Extract from Letters From Mr. [Thurlow] Weed . . . No. X., Correspondence of the Albany Evening Journal

From the New York Daily Tribune, August 19, 1843

Monday, July 17

I have been through the Thames Tunnel. This is to London what the Croton Water Works are to New.York, the great achievement of the 19th century. There is nothing at either entrance of the Tunnel, which indicates that you are in the vicinity of this extraordinary improvement. We passed over it in a steamer in the morning, without being aware that other masses of fellow beings were quietly walking through a subterranean passage below us! The visitor is directed “This way to the Tunnel ” by a board on the corner of a street.

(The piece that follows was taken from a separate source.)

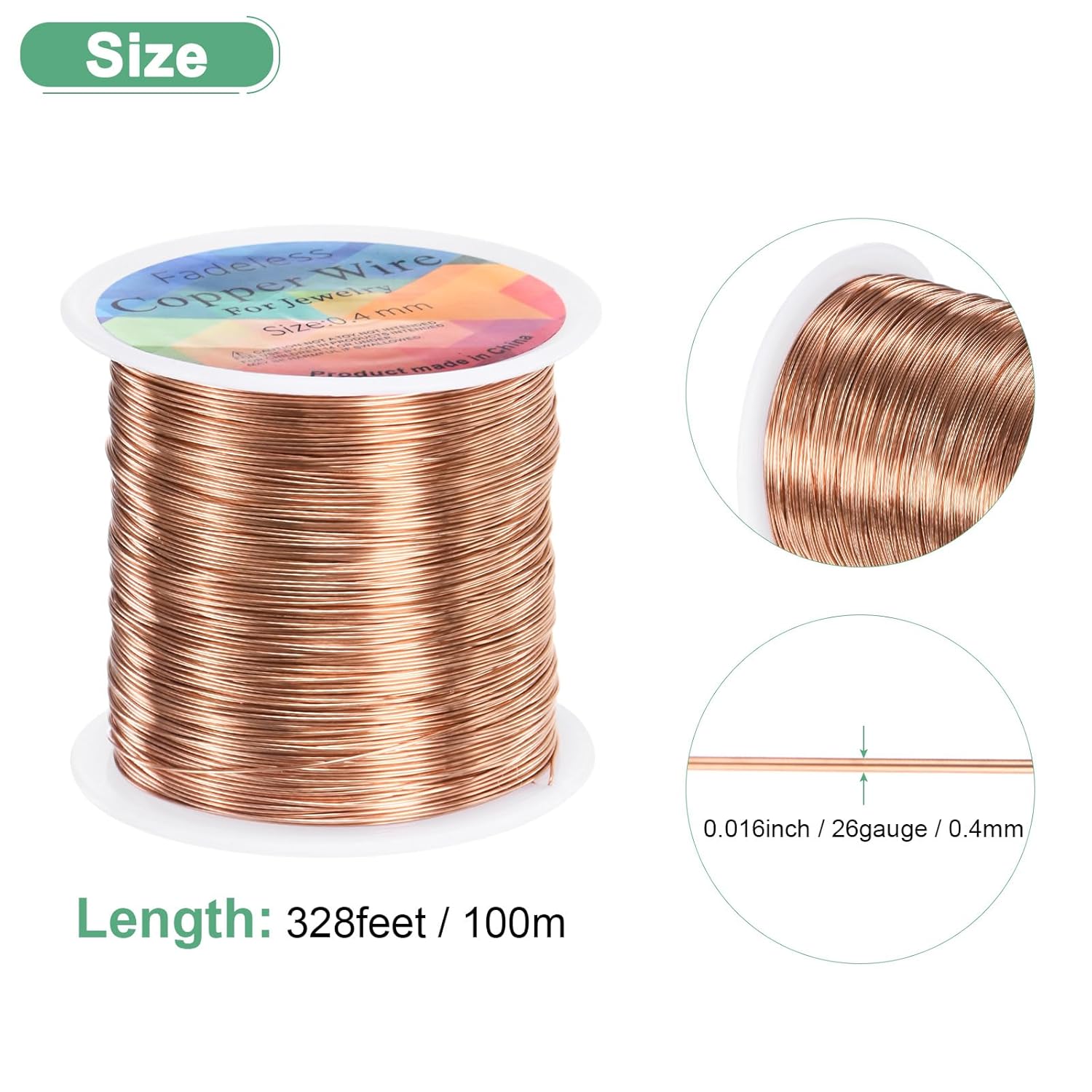 - [Size & Package] - Wire Diameter: 0.4 mm/ 26 Gauge/ 0.016 inch; Each Roll Length: 100 M/ 328 Feet; Package Includes: 1 Roll x Craft Copper Wire

You descend a winding stone stairway 100 steps, and enter into the Tunnel, which is well lighted with gas, and afforded us a cool pleasant walk, after four hour’s exposure to the sun. The Tunnel has two avenues, each wide enough to allow 12 or 16 persons to walk abreast. Half way through, a printing press is stationed “By Royal Authority,” which is throwing off sheets containing an account of the Tunnel. I told the man I would purchase two of his sheets provided lie would allow me to “pull” them myself. This, upon learning that “I knows the ropes,” as they say at sea, he consented to. I have, therefore, an account of the Thames Tunnel, printed by myself, standing midway between the London and Surry sides of the river, seventy feet below its bed, with Steamers and ships passing directly over my head!